AEOL 10150 has already performed well in animal safety studies, was well-tolerated in two human clinical trials and has demonstrated statistically significant survival efficacy in multiple studies of the lung syndrome of Acute Radiation Syndrome in multiple animal species. AEOL 10150 also currently is in development for use as both a therapeutic and prophylactic drug in cancer patients.

About Aeolus Pharmaceuticals

Aeolus Pharmaceuticals is developing a new class of broad-spectrum, catalytic-antioxidant compounds that protect healthy tissue from the damaging effects of radiation. Its first compound, AEOL 10150, is being developed, with funding by the US Department of Health and Human Services, as a medical countermeasure against chemical and radiological weapons, where its initial target indications are as a protective agent against the effects of acute radiation syndrome and delayed effects of acute radiation exposure. Aeolus' strategy is to leverage the substantial investment in toxicology, manufacturing, and preclinical and clinical studies made by US Government agencies in AEOL 10150, including the contract with BARDA valued, with options, at up to $118.4 million, to efficiently develop the compound for use in oncology. For more information, please visit Aeolus's corporate website at www.aolsrx.com.

Forward-Looking Statements

The statements in this press release that are not purely statements of historical fact are forward-looking statements. Such statements include, but are not limited to, those relating to Aeolus' product candidates, as well as its proprietary technologies and research programs, the Company's initiation or potential initiation of large efficacy studies in mice and NHPs, as well as a phase 1 study in healthy volunteers, the BARDA contract, and the expected use of proceeds from the financing. Such forward-looking statements involve known and unknown risks, uncertainties and other factors that may cause Aeolus' actual results to be materially different from historical results or from any results expressed or implied by such forward-looking statements.
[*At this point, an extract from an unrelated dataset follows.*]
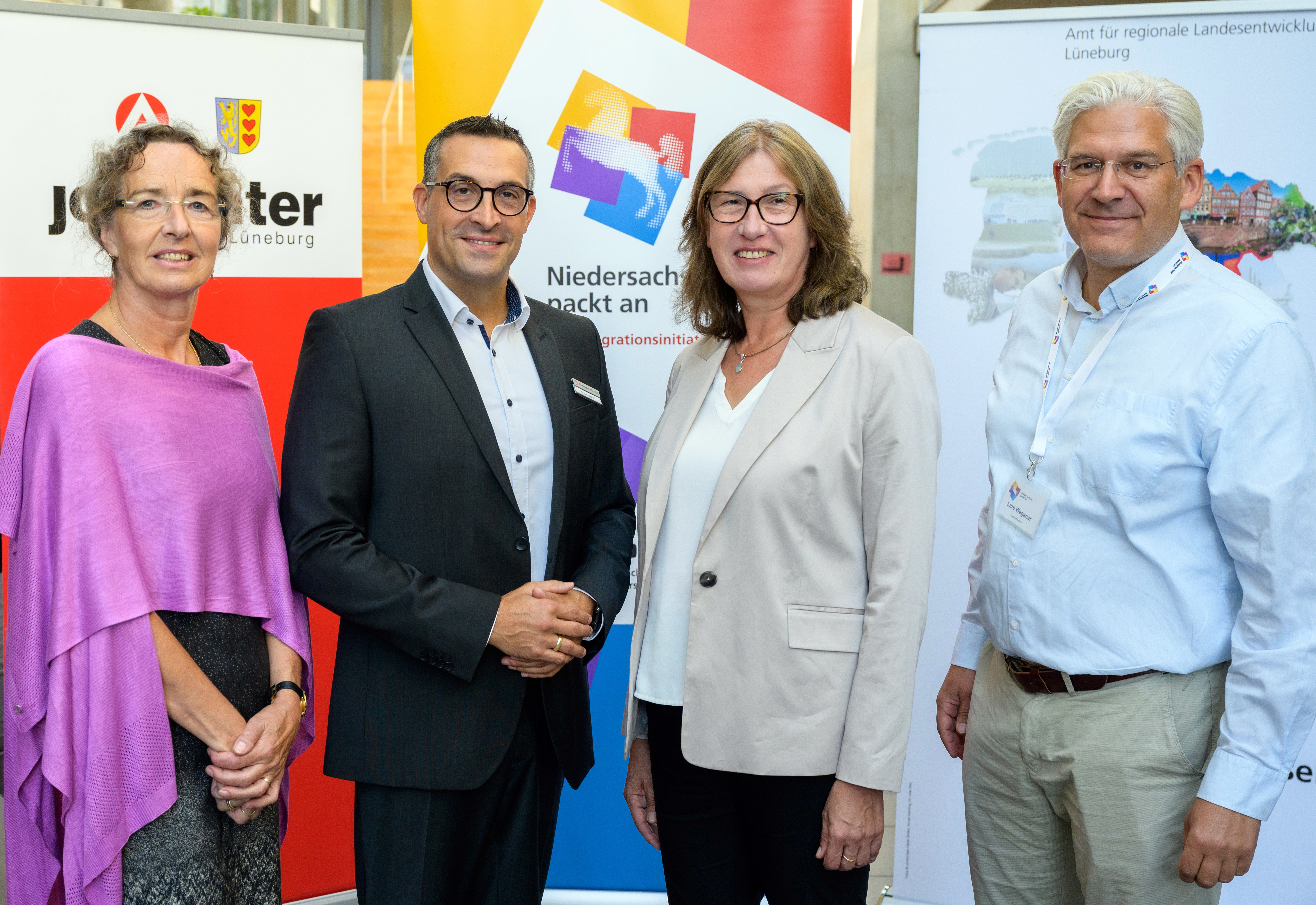 (v.l.n.r.): Angelika Brauer, Geschäftsführerin des Jobcenter Landkreis Lüneburg, Karin Beckmann, Landesbeauftragte und Leiterin des Amtes für regionale Landesentwicklung Lüneburg, Sven Rodewald, Vorsitzender der Geschäftsführung der Agentur für Arbeit Lüneburg-Uelzen, Lars Wegener, Leiter der Geschäftsstelle des Bündnisses „Niedersachsen packt an“, Niedersächsische Staatskanzlei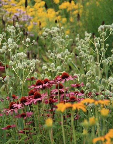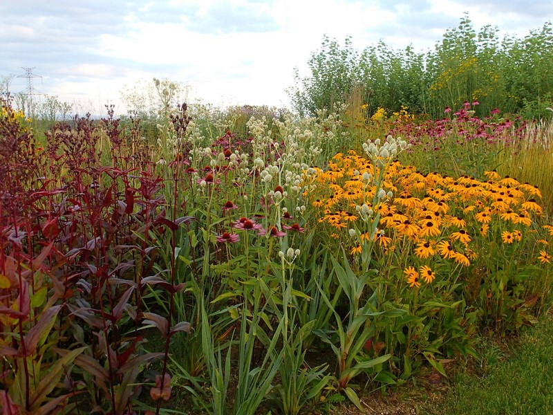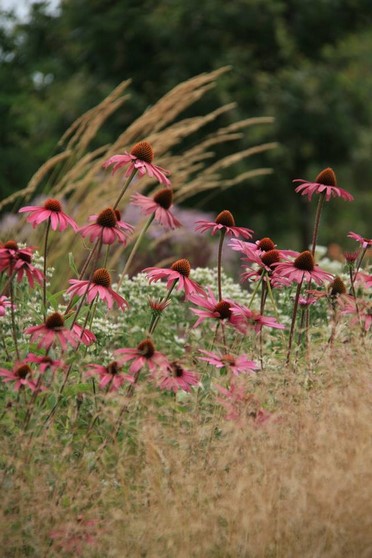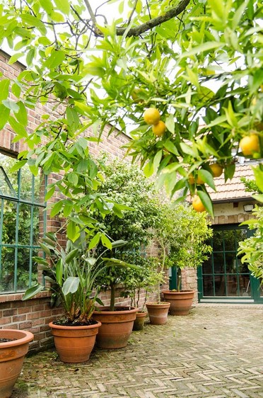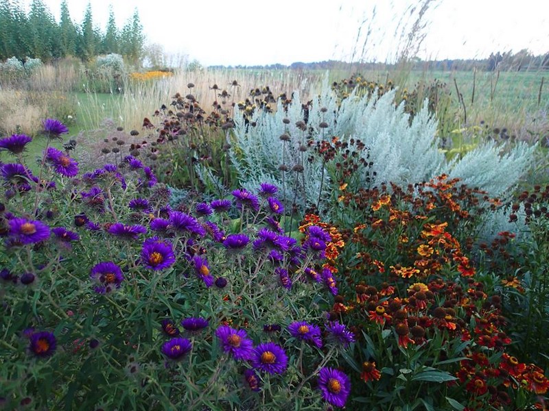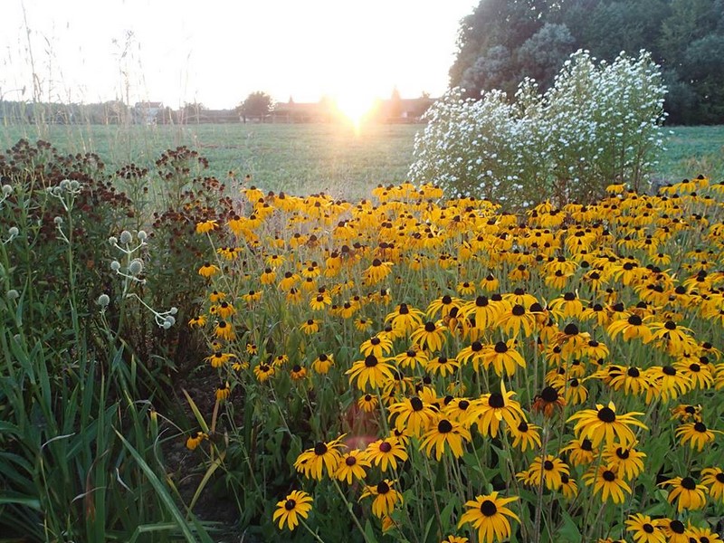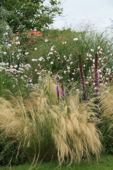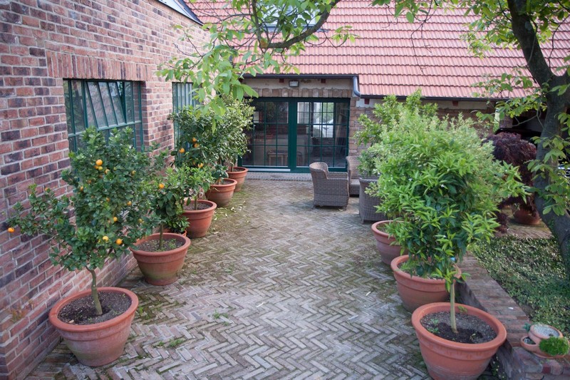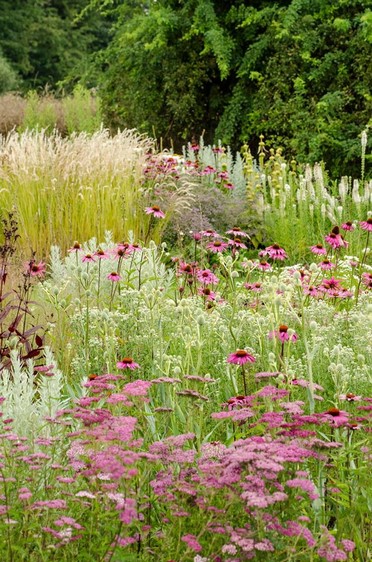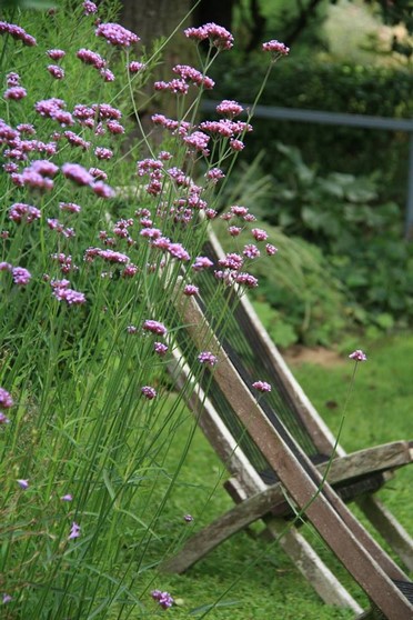 El jardín combina espacios con forma libre junto a setos recortados. En la superficie libre y bajo los árboles frutales se suelen plantar gran cantidad de plantas vivaces, bulbos, gramíneas, rosas y arbustos en flor.

Important factors that could cause results to differ include risks associated with uncertainties of progress and timing of clinical trials, scientific research and product development activities; difficulties or delays in development, testing and obtaining regulatory approval; the need to obtain funding for pre-clinical and clinical trials and operations; the scope and validity of intellectual property protection for Aeolus' product candidates, proprietary technologies and their uses; competition from other biopharmaceutical companies; and whether BARDA exercises one or more additional options under the its contract with Aeolus. Certain of these factors and others are more fully described in Aeolus' filings with the Securities and Exchange Commission, including, but not limited to, Aeolus' Annual Report on Form 10-K for the year ended September 30, 2014. Readers are cautioned not to place undue reliance on these forward-looking statements, which speak only as of the date hereof.